AI is optional. The deterministic engine runs on math, not tokens. When you bring your own model, AI becomes a governed actor — subject to the same rules as every other agent.
| Provider | Key / Env Var | Auto-detected |
|---|---|---|
| Anthropic (Claude) | sk-ant-* / ANTHROPIC_API_KEY |
Yes |
| OpenAI | sk-* / OPENAI_API_KEY |
Yes |
| Google (Gemini) | AIza* |
Yes |
| Groq | gsk_* / GROQ_API_KEY |
Yes |
| Together | TOGETHER_API_KEY |
Yes |
| Mistral | MISTRAL_API_KEY |
Yes |
| Deepseek | DEEPSEEK_API_KEY |
Yes |
| Fireworks | FIREWORKS_API_KEY |
Yes |
| Ollama | OLLAMA_BASE_URL |
Yes |
| Local LLM | LOCAL_LLM_URL |
Yes |
| (none) | — | Deterministic fallback |
In the browser UI, click the sparkle icon in the header and paste your key. It's stored in localStorage only.
Any endpoint that speaks the OpenAI chat completions format (POST /v1/chat/completions) works.
Most simulation tools answer: "What will happen?"
NV-SIM answers: "What changes when I change the rules — and why?"
| What You Get | What It Proves |
|---|---|
| Behavioral shifts | Before → after for every agent, with percentages |
| Causal explanation | Why agents changed — traced to specific rules |
| Behavioral insights | Output tendencies, echo detection, drift, pattern clustering |
| Blind spot analysis | What you can observe vs. what requires loop integration |
| Full audit trail | Every decision, every rule, every adaptation — JSONL |
The output is narrative, not metrics. Not "40% adjusted actions" — but "40% shifted from aggressive to conservative strategies after early attempts failed."
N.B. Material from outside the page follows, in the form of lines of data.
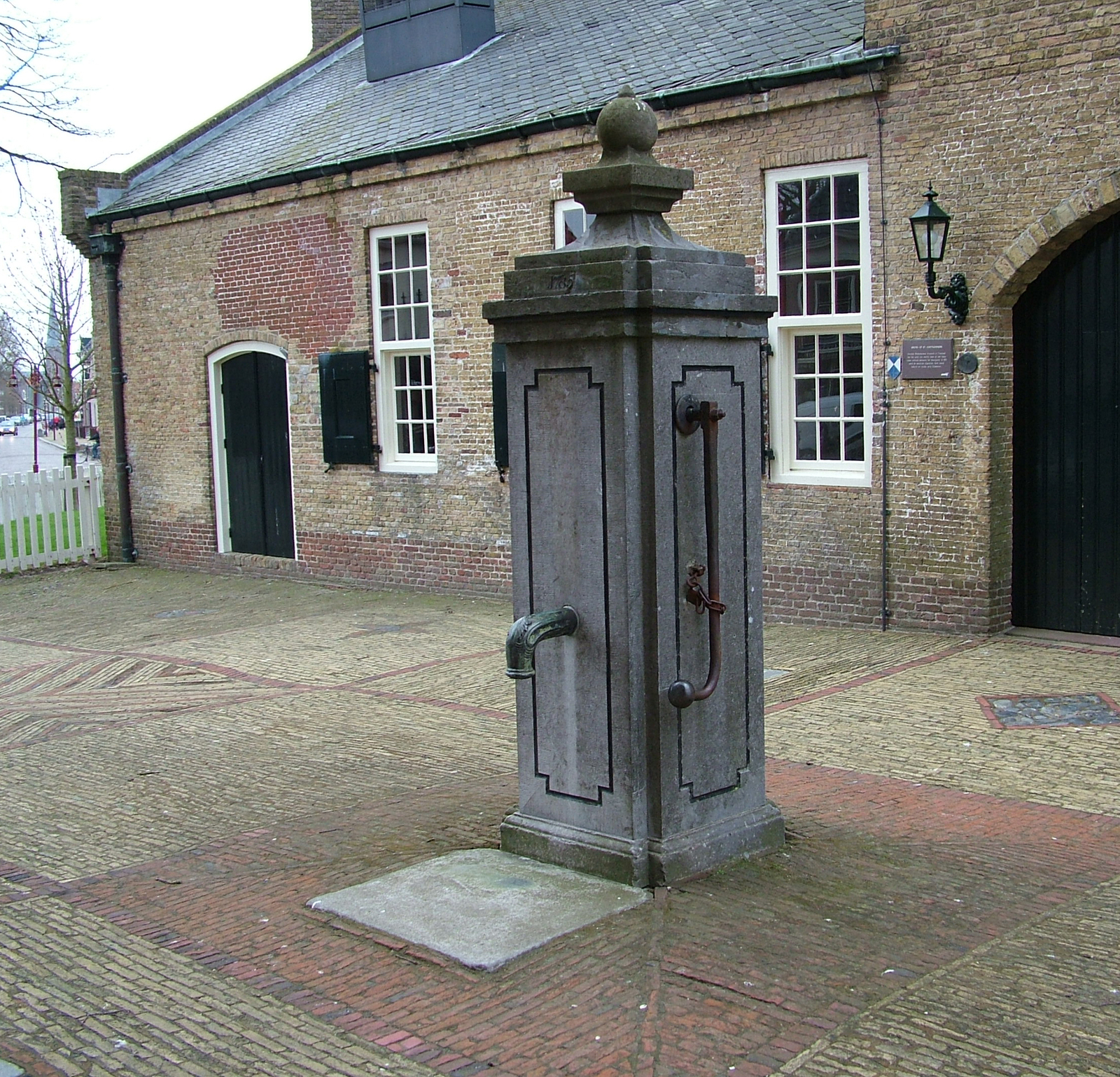 Natuurstenen waterpomp met bekroning, tussen de kerk...
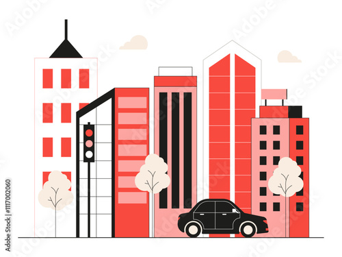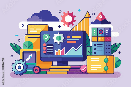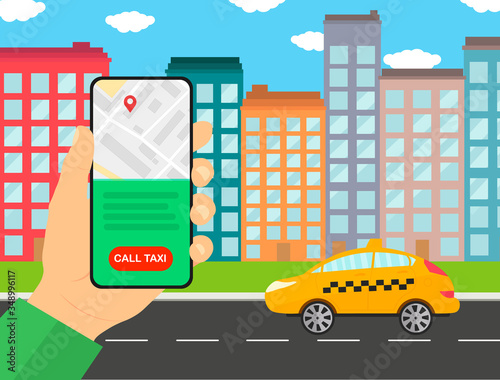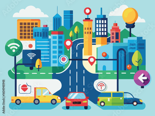 Векторная иллюстрация большого мобильного телефона с картой и указанием местоположения на экране, крошечные люди используют ноутбук, смартфон, чтобы найти нужное им место. Концепция GPS-карты и навигационных приложений для веб-баннера, веб-страницы.
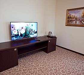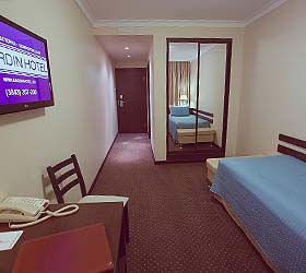 The hotel offers 40 equipped and comfortable rooms, private bathrooms, minibars, tea station, interactive TV, safety deposit boxes. The hotel offers also a cozy restaurant and room service. The restaurant allows guests to enjoy a wide choice of dishes of Russian and European cuisine.
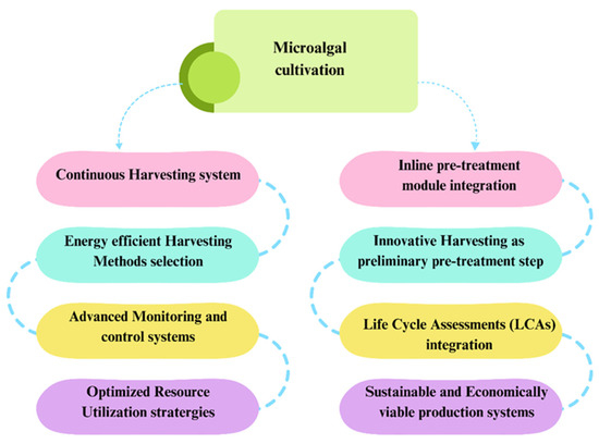 Research on harvesting and pretreatment technologies for microalgal biomass has shown significant improvements, which can help solve problems related to efficient biomass recovery and processing. The development of novel harvesting methods has been a key focus, with the aim of streamlining the harvesting process and enhancing overall productivity. Some studies have examined the use of flocculation agents, which cause microalgae cells to stick together, making sedimentation easier and easier to separate. Various natural and synthetic flocculants have been studied to identify the most effective and environmentally friendly option [62]. These methods offer a cost-effective approach for concentrating microalgal biomass and simplifying subsequent harvesting steps. Centrifugation and filtration techniques have been refined to improve efficiency and reduce energy consumption during harvesting. High-speed centrifugation allows for the rapid separation of microalgal biomass from the culture medium, whereas advanced filtration systems, such as membrane filters, offer a scalable solution for harvesting [63]. Research findings emphasize the optimization of these techniques for specific microalgal strains and cultivation conditions. For example, new methods use electric fields to move microalgae cells toward electrodes, which allows for selective harvesting. This electro-harvesting method has shown promise in terms of energy efficiency and reduced environmental impact [64]. Electro-harvesting cuts energy wasting by 0.18 kWh/m3 and battery wastage by 40–60%, and therefore, the depletion of resources and environmental degradation is restricted [65,66].

| Command | What It Does |
|---|---|
nv-sim visualize |
Interactive control platform |
nv-sim enforce [preset] [rules.txt] |
Policy enforcement lab |
nv-sim compare [preset] |
Baseline vs governed simulation |
nv-sim scenario <id> |
Run a named stress scenario |
nv-sim serve --port N |
Governance runtime (HTTP API) |
nv-sim world-from-doc rules.txt |
Generate world from plain English |
nv-sim chaos --runs N |
Stress test (randomized scenarios) |
neuroverse guard --world ./world |
Pipe-mode evaluation |
neuroverse validate --world ./world |
9 static analysis checks |
neuroverse test --world ./world |
14 guard simulations + fuzz |
neuroverse redteam --world ./world |
28 adversarial attacks |
neuroverse playground --world ./world |
Interactive web UI (localhost:4242) |
neuroverse mcp --world ./world |
MCP server for IDE integration |
@neuroverseos/governance ← deterministic rule engine (npm, open source)
↓
nv-sim engine ← world rules + narrative injection + swarm simulation
↓
behavioral analysis ← shift detection, echo detection, drift tracking
↓
behavioral insights ← observed signals vs. integration blind spots
↓
audit trail ← append-only evidence chain (JSONL)
↓
nv-sim CLI + UI ← scenarios, comparison, governance runtime, control platform
↓
AI providers (optional) ← BYOM: Anthropic, OpenAI, Groq, local LLMs, or none
Everything runs locally. No cloud. No accounts. No cost.
Apache 2.0
Change the rules. See why the system changed.